THE DATA =
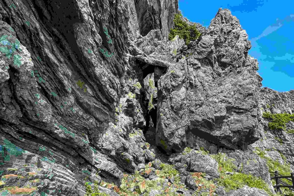 遠い田名集落付近からでも目立つ、断崖絶壁の岩山、麓まで近づくとその大きさに驚かされます。
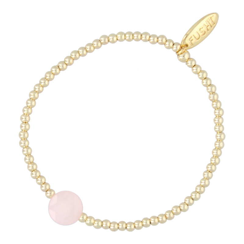 Armband halfedelsteen coin zachtroze 10mm en 3mm goud
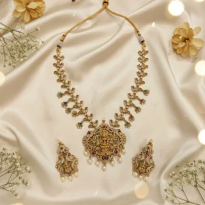 Traditional Lakshmi Temple Necklace Set with Ruby, Emerald & Pearl Drops

EXERCISE REQUIREMENTS = Copy every line of the data word for word, omitting the images.

TASK RESULT =
 遠い田名集落付近からでも目立つ、断崖絶壁の岩山、麓まで近づくとその大きさに驚かされます。
 Armband halfedelsteen coin zachtroze 10mm en 3mm goud
 Traditional Lakshmi Temple Necklace Set with Ruby, Emerald & Pearl Drops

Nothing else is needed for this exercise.